Contributed by Stephen Goold, Voelz Lab
In order for molecular simulations to make accurate predictions, it is important that we constantly evaluate the quality of protein force fields. A force field is a collection of parameters that describe all of the pairwise atomic interactions in a simulation.
Many general-purpose protein force fields have been developed, and we are interested in evaluating them to see how accurate they are at predicting the conformational properties of peptides and mini-proteins in solution. To do this, we are simulating many different sequence variants of designed mini-proteins and comparing the results to experimental measurements
Projects 16959 and 16974 examine a small mini-protein called Trp-cage, designed in Niels Andersen’s lab. Despite its size, Trp-case has two well-defined states: an unfolded one and a folded one, making it a great model system to understand folding mechanisms. The Andersen lab has published experimental NMR data for 50 variants with radically different folding stabilities and rates, against which we can compare our simulation results, to see how accurately current force fields can be used for simulation-based molecular design.

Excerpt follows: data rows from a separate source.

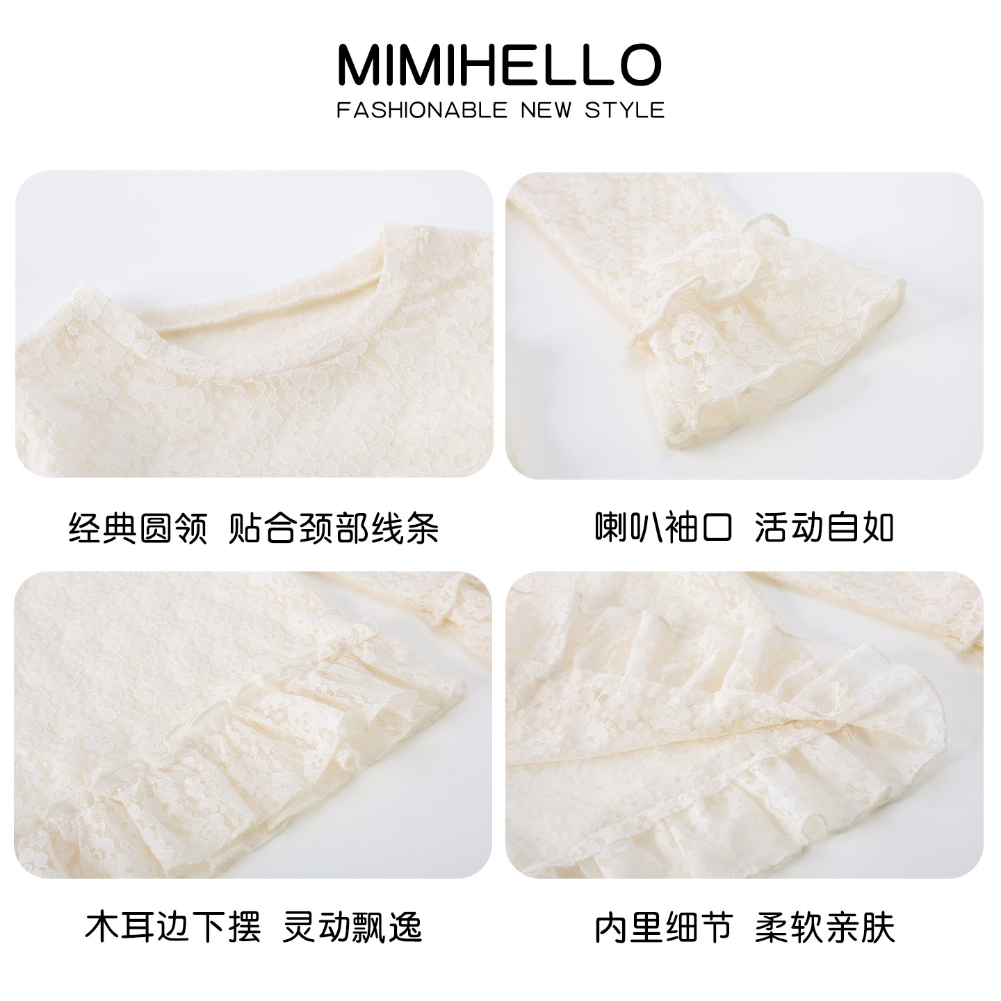 311线报网描述:叠搭内搭花边蕾丝长袖打底衫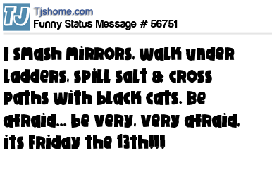 X says I smash mirrors, walk under ladders, spill salt & cross paths with black cats. Be afraid... be very, very afraid, its Friday the 13th!!!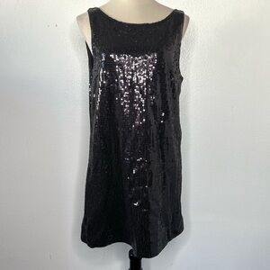 FREE PEOPLE Black Sequin Shift Dress Mini Pullover Scoop Back Size 10
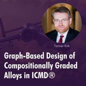Compositionally graded alloys offer promising trade-offs in properties, like mechanical performance and environmental resistance, for materials-limited industries. In this webinar, Dr. Tanner Kirk will review recent additions to QuesTek’s ICMD® software platform to support the design of these gradient materials. A new composition mode, Composition Graph, enables users to construct a connected grid of compositions with axes defined as pure elements or pre-alloyed mixtures. With the new Graph Search sampling method, users can define constraints or objectives from the outputs of any model on ICMD® and design gradients that avoid manufacturability issues and meet performance requirements.

Project 16969 closely examples a series of beta-hairpins. A beta-hairpin is a common structure motif found in many proteins, consisting of two strands connected by a short turn. Some short peptides can fold into stable beta-hairpins in solution, and protein engineering efforts have led to a large number of designed hairpin sequences with high-quality experimental measurements to understand how they fold. Project 16969 examines over 130 variants which span a large range of folding stabilities and rates.